A former Rawson-Neal employee, who spoke exclusively to ABC News on condition of anonymity, said he saw several patients bused out of state before they were ready to be discharged.
"There was this one female patient who was not stable at all," he said. "So she was drooling, stuttering, she's not able to communicate with us, she's lost in limbo. She's floating."
Another patient was discharged right after threatening this employee, he said.
The former employee says he reported his concerns to a nurse, but was told the doctor's decision on discharging patients was the final word.
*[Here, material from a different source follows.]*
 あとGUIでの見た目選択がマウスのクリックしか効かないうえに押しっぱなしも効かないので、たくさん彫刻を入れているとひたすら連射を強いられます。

In an interview, when ABC's Cecilia Vega asked Wilden where the rest of the 10 patients found to be bused inappropriately wound up, he refused to answer.
"I don't think it's appropriate at this time," he said.
He added that other states bus mentally ill patients to Nevada.
"I'm not saying it's right," he said. "I'm saying it happens."
The American Psychiatric Association said, "It's an unfortunate reality that most state and local mental health facilities are facing critical funding shortfalls, and this may be contributing to efforts to relocate patients to communities where they live and help is available and has been arranged."
Dr. James Scully, medical director and CEO of the American Psychiatric Association said, "We call upon the authorities to investigate whether patients are indeed receiving the care and support they need, supplied by facilities with adequate space and funding for the patients they serve."
Fortunately for Brown, a counselor and a Sacramento Bee reporter helped him connect with his daughter on the East Coast.
"I don't want revenge, and I don't know about justice, but I want them to pay for what they've done to me and the others," Brown said. "I want people to really take a moment to think about this."